On October 7, 2003, the film was re-released on VHS and released on DVD for the first time, titled The Lion King: Platinum Edition, as part of Disney's Platinum Edition line of DVDs. The DVD release featured two versions of the film on the first disc, a remastered version created for the 2002 IMAX release and an edited version of the IMAX release purporting to be the original 1994 theatrical version. A second disc, with bonus features, was also included in the DVD release. The film's soundtrack was provided both in its original Dolby 5.1 track and in a new Disney Enhanced Home Theater Mix, making this one of the first Disney DVDs so equipped. This THX certified two-disc DVD release also contains several games, Timon and Pumbaa's Virtual Safari, deleted scenes, music videos and other bonus features. By means of seamless branching, the film could be viewed either with or without a newly created scene – a short conversation in the film replaced with a complete song ("The Morning Report"). A Special Collector's Gift Set was also released, containing the DVD set, five exclusive lithographed character portraits (new sketches created and signed by the original character animators), and an introductory book entitled The Journey. The Platinum Edition of The Lion King featured changes made to the film during its IMAX re-release, including re-drawn crocodiles in the "I Just Can't Wait to Be King" sequence as well as other alterations. More than two million copies of the Platinum Edition DVD and VHS units were sold on the first day of release. A DVD box set of the three The Lion King films (in two-disc Special Edition formats) was released on December 6, 2004. In January 2005, the film, along with the sequels, went back into moratorium. The DVD releases have sold a total of 11.9 million units and grossed .

Walt Disney Studios Home Entertainment released the Diamond Edition of The Lion King on October 4, 2011. This marks the first time that the film has been released in high-definition Blu-ray and on Blu-ray 3D. The initial release was produced in three different packages: a two-disc version with Blu-ray and DVD; a four-disc version with Blu-ray, DVD, Blu-ray 3D, and digital copy; and an eight-disc box set that also includes the sequels The Lion King II: Simba's Pride and The Lion King 1½. A standalone single-disc DVD release also followed on November 15, 2011. The Diamond Edition topped the Blu-ray charts with over 1.5 million copies sold. The film sold 3.83 million Blu-ray units in total, leading to a $101.14 million income.

The Lion King was once again released to home media as part of the Walt Disney Signature Collection first released on Digital HD on August 15, 2017, and on Blu-ray and DVD on August 29, 2017.

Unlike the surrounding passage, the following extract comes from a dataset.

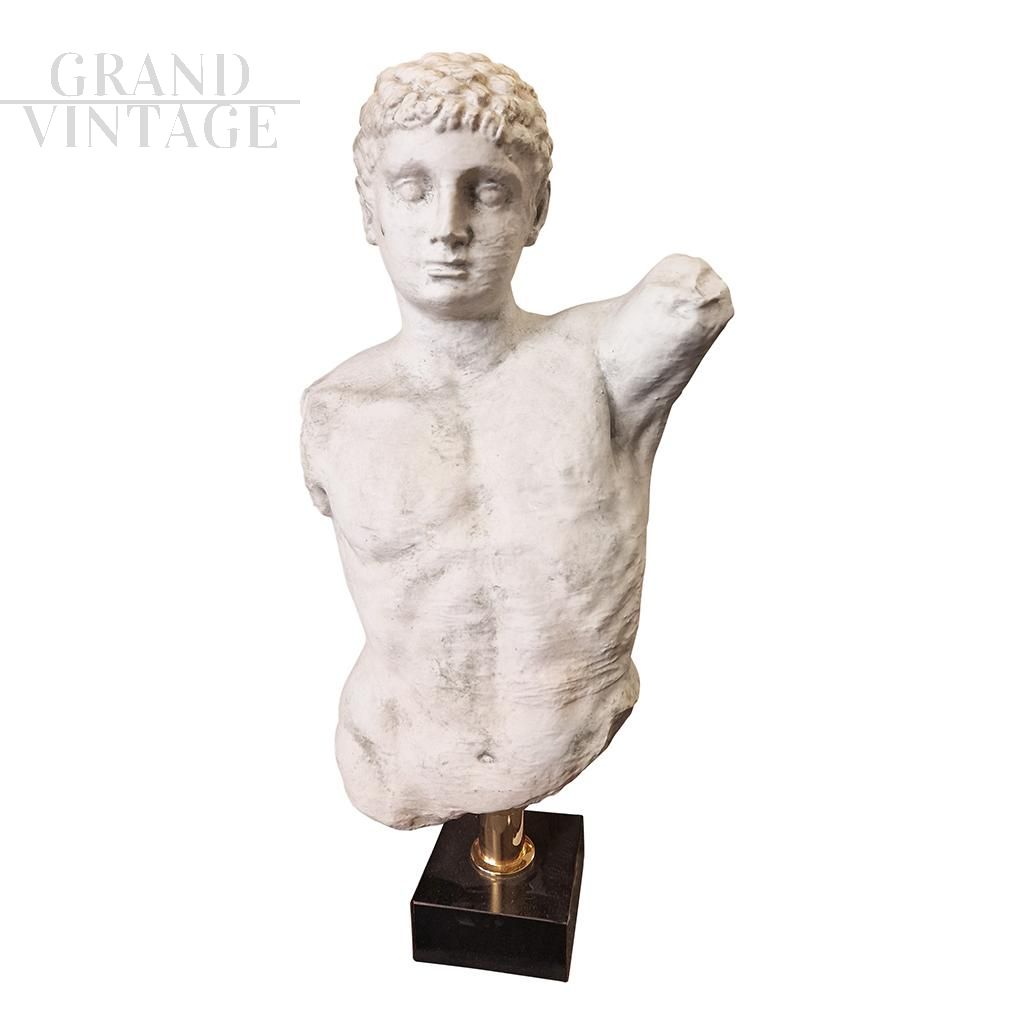 Classical style male bust in plaster on a marble base and cylindrical support in chrome-gold metal.

The Lion King was released on Ultra HD Blu-ray and 4K digital download on December 3, 2018.

==Reception==
===Box office===
The Lion King has grossed $425 million in North America and $554 million in other territories, for a worldwide total of $979 million. After its initial run, having earned $763.5 million, it ranked as the highest-grossing animated film of all time, the highest-grossing film of Walt Disney Animation Studios, and the highest-grossing film of 1994. It was the second-highest-grossing film of all time, behind Jurassic Park (1993). The film remained as the second-highest-grossing film until the spot was taken by Independence Day (1996) two years later. It finished as the 5th highest grossing film of the 1990s domestically.

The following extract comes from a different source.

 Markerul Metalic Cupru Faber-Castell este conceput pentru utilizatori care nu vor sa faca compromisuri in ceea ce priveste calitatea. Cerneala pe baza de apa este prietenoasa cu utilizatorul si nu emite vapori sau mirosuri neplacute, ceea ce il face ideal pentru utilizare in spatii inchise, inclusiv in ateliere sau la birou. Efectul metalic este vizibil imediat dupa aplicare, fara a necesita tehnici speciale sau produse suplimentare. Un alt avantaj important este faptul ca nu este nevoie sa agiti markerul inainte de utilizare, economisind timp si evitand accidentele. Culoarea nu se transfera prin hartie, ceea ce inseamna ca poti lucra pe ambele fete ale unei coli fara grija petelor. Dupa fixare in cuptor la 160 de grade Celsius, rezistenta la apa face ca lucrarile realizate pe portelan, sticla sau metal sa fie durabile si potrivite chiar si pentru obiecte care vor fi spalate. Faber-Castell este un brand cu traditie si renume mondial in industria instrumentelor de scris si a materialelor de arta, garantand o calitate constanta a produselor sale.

It held the record for the highest-grossing animated feature film (in North America, outside North America, and worldwide) until it was surpassed by Finding Nemo (2003). With the earnings of the 3D run, The Lion King surpassed all the aforementioned films but Toy Story 3 (2010) to rank as the second-highest-grossing animated film worldwide—later dropping to ninth, and then tenth, surpassed by its photorealistic CGI remake counterpart—and it remains the highest-grossing hand-drawn animated film. It is also the biggest animated movie of the last 50 years in terms of estimated attendance. The Lion King was also the highest-grossing G-rated film in the United States from 1994 to 2003 and again from 2011 to 2019 until its total was surpassed by Toy Story 4 (2019) (unadjusted for inflation).

====Original theatrical run====
During the first two days of limited release in two theaters, The Lion King grossed $622,277, and for the weekend it earned nearly $1.6 million, placing the film in tenth place at the box office. The average of $793,377 per theater stands as the largest ever achieved during a weekend, and it was the highest-grossing opening weekend on under 50 screens, beating the record set by Star Wars (1977) from 43 screens. The film grossed nearly $3.8 million from the two theaters in just 10 days.

When it opened wide, The Lion King grossed $40.9 million—which at the time was the third-highest opening weekend ever, trailing only behind Jurassic Park (1993) and Batman Returns (1992), as well as the highest sum for a Disney film—to top the weekend box office. It displaced the previous box office champion Wolf, while also topping Speed and Wyatt Earp. At that time, it easily outgrossed the previous biggest 1994 opening, which was the $37.2 million earned by The Flintstones during the four-day Memorial Day weekend. For five years, the film held the record for having the highest opening weekend for an animated film until it was surpassed by Toy Story 2 (1999). For its second weekend, The Lion King collected a total of $34.2 million, outgrossing the openings of The Shadow, Blown Away and I Love Trouble. It remained the number-one box office film for a total of two weeks until it was displaced by Forrest Gump, followed by True Lies the week after.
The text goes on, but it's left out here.